Jakarta (ANTARA) - Kementerian Kesehatan mengatakan pemenuhan alat kesehatan di berbagai puskesmas dan rumah sakit dilakukan hingga 2027 sebagai upaya transformasi pelayanan primer dengan biaya Rp50 triliun.
Direktur Jenderal Kefarmasian dan Alat Kesehatan Kementerian Kesehatan Rizka Andalucia mengatakan pergeseran orientasi kesehatan dari kuratif menjadi promotif dan preventif, seperti skrining, deteksi dini, dan vaksinasi, perlu dibarengi kesiapsiagaan perbekalan kesehatan, yaitu alat-alat diagnostik.
"Kita ingin menggeser upaya kuratif kepada promotif preventif. Saat ini pembiayaan kesehatan itu hanya 17 persen untuk pencegahan dan 67 persen untuk pengobatan," ujarnya dalam Forum Nusantara Farmasi dan Alat Kesehatan disiarkan di Jakarta, Selasa.
Jenis-jenis skrining yang dibutuhkan, dia mencontohkan, untuk hipertiroid kongenital, thalasemia, anemia, dan kanker pada anak, serta skrining penyakit kardiovaskuler, stroke, hipertensi pada dewasa.
Menurut dia, semuanya butuh peralatan memadai.
Baca juga: Presiden: Pemerintah bantu RSUD dukung layanan stroke dan jantung
Dia menjelaskan saat ini terdapat lebih dari 10 ribu puskesmas, namun masih ada 171 kecamatan yang belum memiliki puskesmas, seperti daerah-daerah pemekaran yang masih baru.

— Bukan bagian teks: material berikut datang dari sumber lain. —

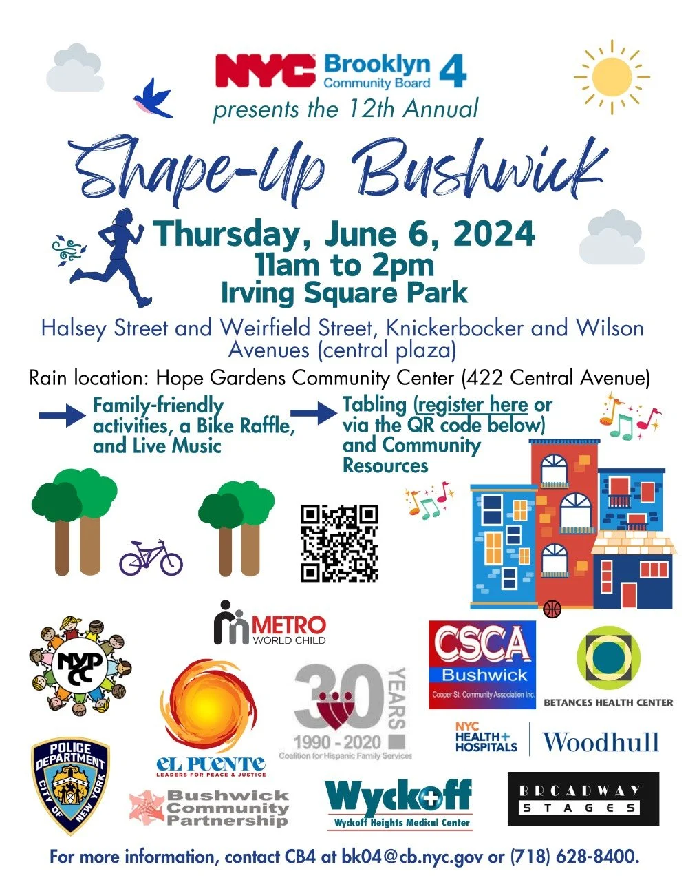Join Brooklyn Community Board 4 for the 12th Annual ShapeUp Bushwick event at Irving Square Park! Come out and stretch with your neighbors for a day of health and fitness. Activities include pilates, disc golf, a bike raffle, activities for the kids, and much more! It’s all free!

Menurut dia, tempat-tempat itu perlu dilengkapi dengan puskesmas.
Rizka mengatakan sejumlah upaya Kemenkes antara lain mengirimkan antropometri ke posyandu, sehingga tak perlu lagi menunggu dari puskesmas.
Selain itu, ujarnya, penyediaan USG guna menekan angka kematian ibu hamil.
"Nah, kedua alat yang kita deploy dengan massal ke seluruh puskesmas dan posyandu ini, antropometri maupun USG, semua sudah dapat diproduksi dalam negeri dan kita melakukan konsolidasi dan semua menggunakan produk dalam negeri," katanya.
Dia menambahkan revitalisasi struktur dan jaringan layanan kesehatan primer disertai dengan struktur laboratorium kesehatan masyarakat yang berjenjang, mulai dari tingkat puskesmas hingga nasional.
Ia juga menyebut penyediaan peralatan kesehatan membawa hasil menggembirakan.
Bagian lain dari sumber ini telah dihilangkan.